** Opening RECORD EXTRACTS block **

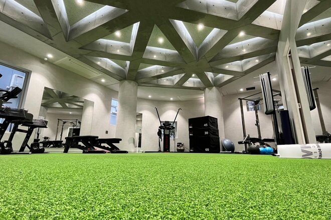 ジム全体は緑の人工芝が敷き詰められ、真ん中に広いスペースを設けている。パワーラック、可変式ダンベル、ケトルベルなどのウェイトトレーニング器具よりも、KEISERやメディシンボール、ジャンプボックスといったファンクショナルトレーニング器具を中心に配備している。
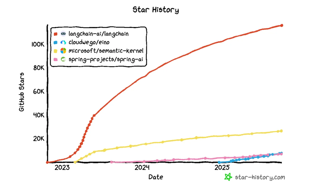 随着ChatGPT、DeepSeek等大模型(LLM)的崛起,开发者已不满足于简单的对话框交互,而是迫切希望将其深度集成到自己应用中,以构建更强大的智能应用。因此,市场上涌现出诸多大模型集成框架,如LangChain(LangChain4j、LangChainJS)、LlamaIndex、Spring AI、Semantic Kernel、Eino等。其中,其中LangChain是这些框架中出现最早,且最成熟的框架,已成为LLM开发中最受欢迎的框架之一。
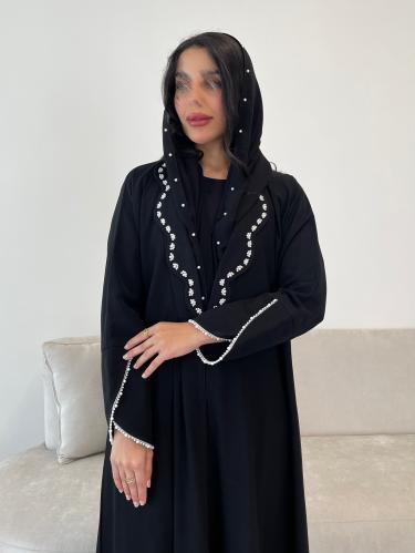 Z270 / قماش كريب كوبرا وتطريز اسود مع كرستال
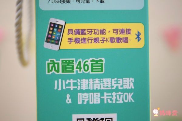 先不論配件包的 8G 記憶卡,內建 23 首中英台兒歌 + 23 首伴唱版中英台兒歌之外,還可以透過藍芽裝置連結手機,播放時下最流行的音樂,超級方便的~
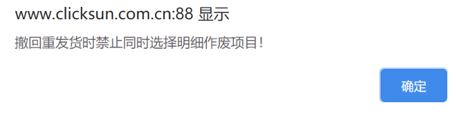 点晴模切ERP-提示:撤回重发货时禁止同时选择明细作废项目!原因已拆分发票数量

** Closing RECORD EXTRACTS block **

REQUIRED ACTION:
Print every record above exactly as written, leaving out the pictures.

SOLUTION FOR THIS TASK:
 ジム全体は緑の人工芝が敷き詰められ、真ん中に広いスペースを設けている。パワーラック、可変式ダンベル、ケトルベルなどのウェイトトレーニング器具よりも、KEISERやメディシンボール、ジャンプボックスといったファンクショナルトレーニング器具を中心に配備している。
 随着ChatGPT、DeepSeek等大模型(LLM)的崛起,开发者已不满足于简单的对话框交互,而是迫切希望将其深度集成到自己应用中,以构建更强大的智能应用。因此,市场上涌现出诸多大模型集成框架,如LangChain(LangChain4j、LangChainJS)、LlamaIndex、Spring AI、Semantic Kernel、Eino等。其中,其中LangChain是这些框架中出现最早,且最成熟的框架,已成为LLM开发中最受欢迎的框架之一。
 Z270 / قماش كريب كوبرا وتطريز اسود مع كرستال
 先不論配件包的 8G 記憶卡,內建 23 首中英台兒歌 + 23 首伴唱版中英台兒歌之外,還可以透過藍芽裝置連結手機,播放時下最流行的音樂,超級方便的~
 点晴模切ERP-提示:撤回重发货时禁止同时选择明细作废项目!原因已拆分发票数量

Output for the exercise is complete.